Now I can't keep track
cause everything's a miracle --
Everything, everything is holy now..."



Peter Mayer's "Everything is Holy Now," gives form to what is in my heart today. No matter where I look, I am seeing the sacred, the divine -- the holy.

This morning it was a pair of doves sitting -- one with its winged draped over the other's back -- on a low branch just beyond our kitchen window. It was a sacred moment.  One as deserving of reverence as the cantor's call to temple, small hands folded in prayer, or a choir singing Handel's  "Messiah."

I turned from the window and there, on the kitchen counter, was a pear. A perfectly formed pear. A pear. Just a pear. But in that moment I could see the hand of God in its timeless design. I've always loved pears -- everything about them. I love their grounded shape, the changing blush of color that rises as they ripen, the texture, their scent, a taste unlike any other. Gazing at that pear I wanted to drop to my knees in gratitude.

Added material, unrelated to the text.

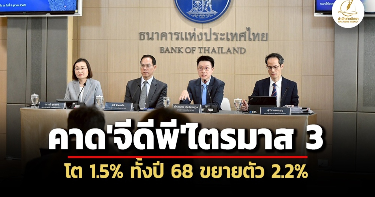 ‘ธปท.’คาดเศรษฐกิจไทยไตรมาส 3/68 ขยายตัว 1.5% ก่อนชะลอตัวเหลือ 1.3% ในช่วงไตรมาส 4/68 ส่งผลให้จีดีพีทั้งปี 68 โต 2.2% ระบุ SMEs ยังคงลำบาก จากปัญหาเชิงโครงสร้าง-เผชิญการแข่งขันสูง พร้อมย้ำความเสี่ยง ‘เงินฝืด’ ยังอยู่ในระดับต่ำ แม้ว่าคาด ‘เงินเฟ้อทั่วไป’ จะกลับมาเป็นบวกในช่วงไตรมาส 2 ปีหน้า

Walking out to the mailbox I felt the first warm rays of mid-winter sun on my skin and a cool morning breeze softly lifting the stray hairs at the nape of my neck. An unseen gift. A holy gift.

Later, watching our frisky little pup standing nose-to-nose with a baby bunny in the yard, I bowed my head in prayer. I was witnessing a miracle. My very own window on the Isaiah prophesy -- a lamb lying down with a lion -- fulfilled, and I was blessed.  Everything -- every leaf turning towards the light, every flower arching its petals in a silent song of praise. Everything -- deeply, profoundly, knee-bucklingly holy.

Walking back into the house, I realized that the acute discomfort I'd woken with that morning, had dissolved in the light of this holiness-suffused day.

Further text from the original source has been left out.